Issue:
When trying to read from Hadoop from an unmanaged Cloudera node with a pipeline the following error appears:
/usr/bin/hadoop: No such file or directory
Solution:
- On the external host download the CDH repo file to the /etc/yum.repos.d/ directory (change the path to match the OS release and CDH version of the client you need):
curl -O https://archive.cloudera.com/cdh5/redhat/6/x86_64/cdh/cloudera-cdh5.repo
- Edit the base URL in the cloudera-cdh5.repo file to install the CDH version (otherwise, it will install the latest). For example, to install the 5.7.1 hadoop-client, update the baseurl to:
baseurl=https://archive.cloudera.com/cdh5/redhat/6/x86_64/cdh/5.7.1/
- Install the hadoop-client rpm:
$ yum clean all$ yum install hadoop-client
Note: You can also download the RPM file and install it locally if desired.

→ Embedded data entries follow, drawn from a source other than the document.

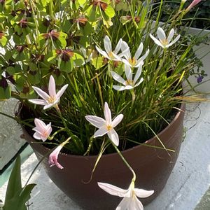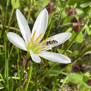 2025年 10月 8日(水) 12時 12分 撮影 屋上組さん〜 今日の お花◌ ͙❁˚ 🌿 タマスダレ chan お写真を撮ろうと 近づくと ハチさんが𓂃˚‧ ⚪️🐝⋆゜♡ カワイイ ☺︎︎︎︎
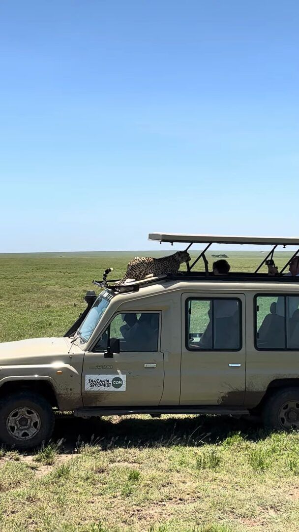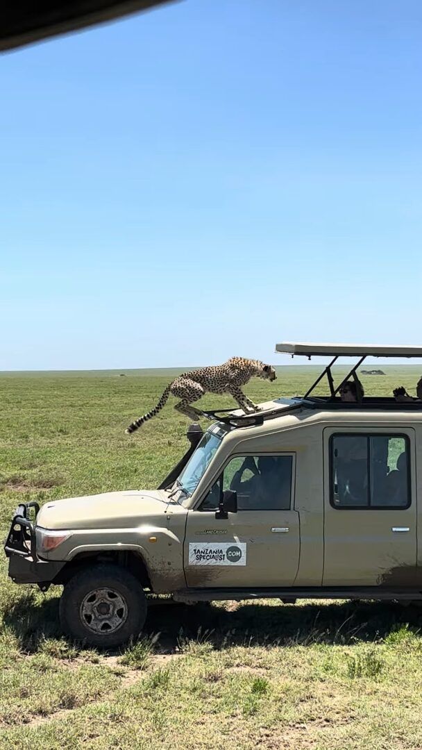 サファリツアー中の車のボンネットにチーターが!しかもさらに驚きの行動に!!
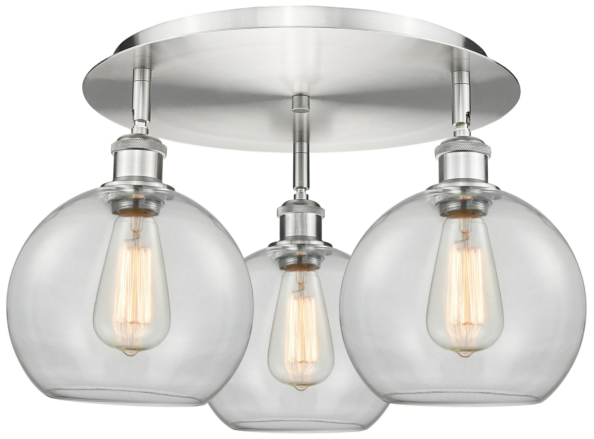 Athens 19.75" Wide 3 Light Satin Nickel Flush Mount With Clear Glass S
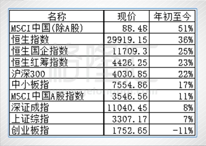 在全球各种指数中,排名前面的还有阿根廷,乌克兰和伊斯坦堡的指数,当然这些都不是全球主流指数,所以我也懒得看具体原因。让我惊喜的是,MSCI中国(除A股)指数和恒生指数都上榜全球前十,可喜可贺。
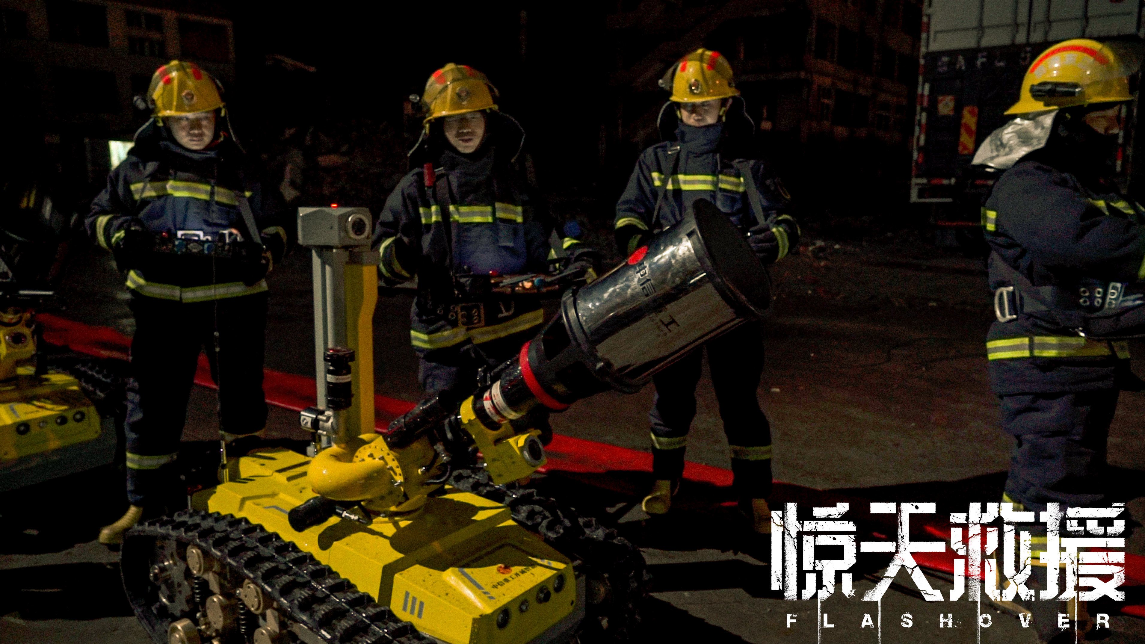 与杀青照一同曝光的还有一组幕后片场照, 中国先进科技应急救援装备如导弹消防车、救援机器人等将在影片中首次亮相。据悉,在电影筹备的两年时间里,得到了应急管理部消防救援局、江苏省委宣传部和江苏省消防救援总队的大力支持。剧组更是斥巨资实景打造了如盘山公路隧道、核心爆炸区等多处灾情现场。
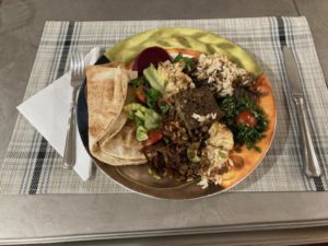 Beef marinated in a mint marinade served over rice with tabouli toom ( home made pickled beets and turnips-DELISH) and pita bread. There is an option for Lebanese salad instead of the tabouli.
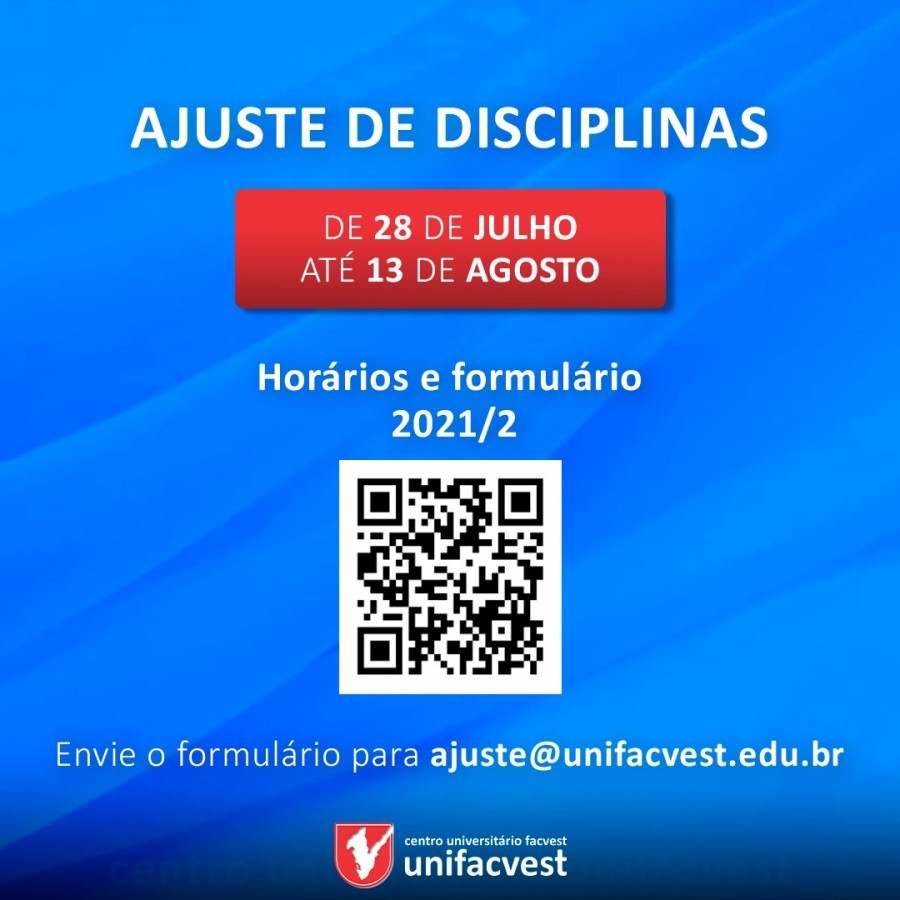 Já está disponível o horário de 2021/2 sem as primeiras fases e o formulário para o ajuste de disciplinas. Lembrando que não poderá haver choques de disciplinas, exceto para TCC 1 e 2.

(See http://archive.cloudera.com/cdh5/redhat/6/x86_64/cdh/5.7.1/RPMS/x86_64/)
Once we have installed the needed packages we need to configure the client on the unmanaged node.
- In Cloudera Manager navigate to, HDFS -> "Actions" drop down -> "Download Client Configuration" (this will download a zip file called hdfs-clientconfig.zip).
- Move the zip file over to the external host and unzip it.
- Copy all the unzipped configuration files to /etc/hadoop/conf. Example:
$ cp * /etc/hadoop/conf
-
Run Hadoop commands. Example:
$ sudo -u hdfs hadoop fs -ls